Лейтенант отошел подальше в лес, повесил шинель на сучок, снял гимнастерку, свитер, нижнюю сорочку и умылся снегом. Снегом он растер руки, шею, грудь, достал из планшета полотенце и насухо вытерся.
Приведя себя в порядок, пошел в оперативный отдел штаба, размещавшийся в большом блиндаже, над которым высился целый холм земли.
«Богато живут, — сказал про себя лейтенант, с уважением рассматривая это инженерное сооружение, — накатов пять будет, не меньше».
В дверь то и дело входили и выходили солдаты и офицеры. У большой ели, шагах в десяти, стояли двое лыжников в маскхалатах. Тут же прохаживался высокий рыжий капитан в валенках и полушубке. Он недовольно хмурился. Ответил на приветствие лейтенанта, смерил его сердитым взглядом, ничего не сказал и продолжал ходить взад и вперед.
Лейтенант решил немного подождать. Ему не хотелось лезть в землянку, когда там и без него хватало народу. Он начал насвистывать что-то, глядя в сторону.
Услышав мотив, который выводил лейтенант, рыжий капитан остановился и начал прислушиваться. Сердитое выражение исчезло с его лица. Он вновь начал было ходить, но потом подошел к лейтенанту, взглянул на него с любопытством.
— Так-так, — сказал он, улыбаясь, — Прилепу и Миловзора вспомнили?
— Чего? — не понял лейтенант.
Капитан смотрел на него и все улыбался. На гладко выбритом румяном лице его было столько радости, словно он получил в подарок что-то очень приятное.
Лейтенант невольно обратил внимание на его высокий лоб, маленький, красивого рисунка рот, твердый, упрямый подбородок. Честное слово, этот рыжий капитан был очень симпатичен.
— Вы о чем это, товарищ капитан? — спросил лейтенант.
— Мотив-то, что вы сейчас насвистывали. Вы разве не знаете, что это такое?

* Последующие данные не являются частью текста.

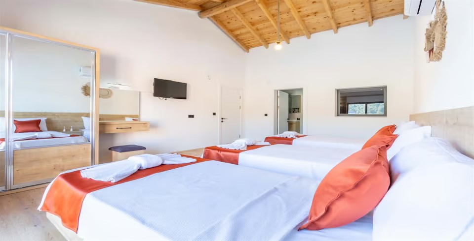 2. Yatak Odası: 3 Adet tek kişilik yatak, makyaj masası, elbise dolabı, komodin, klima ve tuvalet&banyo bulunmaktadır.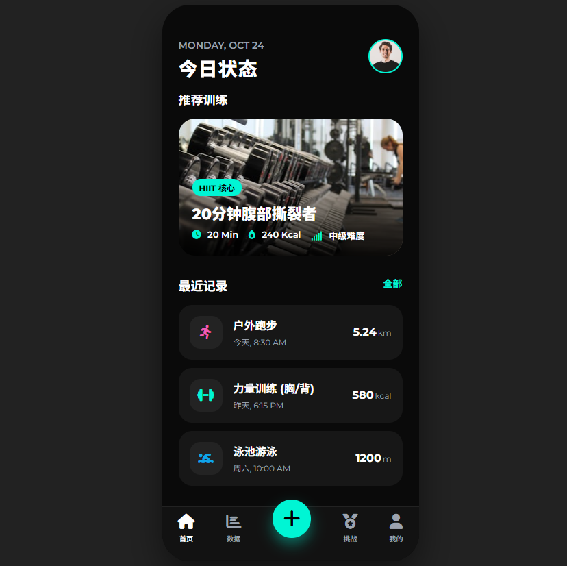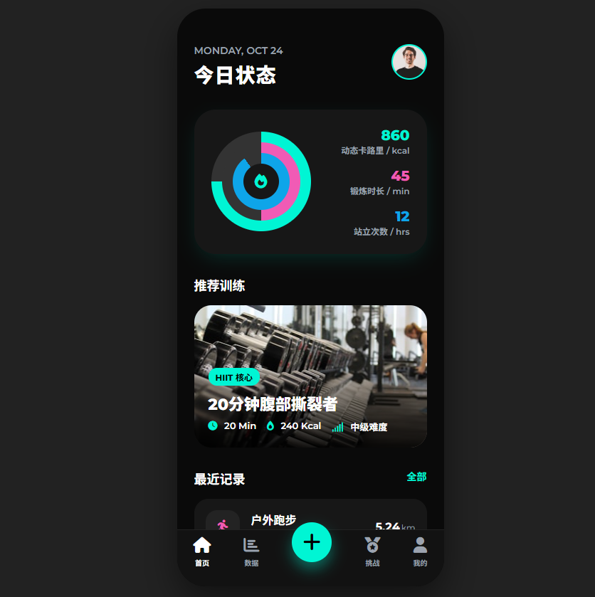 适合健身房管理系统、个人健康追踪应用。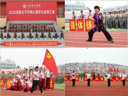 9月12日上午,山东现代学院“2025级新生开学典礼暨军训成果汇演”在天行健体育场庄严举行。山东省政协原副主席栗甲、山东省教育厅原巡视员宋承祥、曲阜师范大学原党委书记戚万学等多位领导嘉宾,与学校董事长兼校长刘春静等校领导班子共同出席。典礼由校党委书记陈晓兰主持。上午10时17分,活动在雄壮的国歌声中拉开帷幕。2025级新生组成的方队步伐铿锵、口号响亮,依次经过主席台接受检阅。《觉醒年代》《保卫黄河》等节目表演展现出学子们的蓬勃朝气与飒爽英姿。刘春静校长以“磨练意志,奋发有为”为主题发表讲话,勉励全体新生传承“厚德载物、自强不息”的现代精神,并提出四点希望:一要强国有我、明德立志;二要启智润心、强健体魄;三要与时俱进、不断创新;四要磨练意志、吃苦耐劳。山东大学徐向艺教授致辞,以“传承、创新、笃行”三个关键词寄语新生成长成才。山东省政协原副主席栗甲在致辞中鼓励学子锤炼本领,成长为有理想、敢担当的时代新人。典礼上,校领导宣读了包本背诵国学经典及军训先进集体、优秀个人的表彰决定,与会嘉宾为获奖代表颁奖。新学期伊始,全体2025级学子将在现代学院大家庭中奋发有为,开启人生新篇章。

Лейтенант отрицательно покачал головой.
— Ну как же! Ведь это же дуэт Прилепы и Миловзора из «Пиковой дамы»! — Он помолчал и вдруг тихонько пропел:
Мой миленький дружок,
Любезный пастушок…
Затем отвернулся и молча отошел в сторону. Лейтенант уже думал, что разговор можно считать оконченным, но капитан вновь подошел и задумчиво сказал:
— Видите, какое дело, лейтенант…
Он уже не улыбался. А лейтенант смотрел на него и ничего не понимал. Он только смутно чувствовал, что этот простенький сентиментальный мотив, который он неведомо где слышал и который совсем случайно вспомнился ему в это утро, тронул в душе рыжего красавца капитана какую-то сокровенную струну. К сожалению, лейтенант не слушал «Пиковой дамы» и не был знаком с поучительной историей Прилепы и Миловзора. Боясь обнаружить свое невежество, лейтенант деликатно молчал и ждал, что еще скажет капитан.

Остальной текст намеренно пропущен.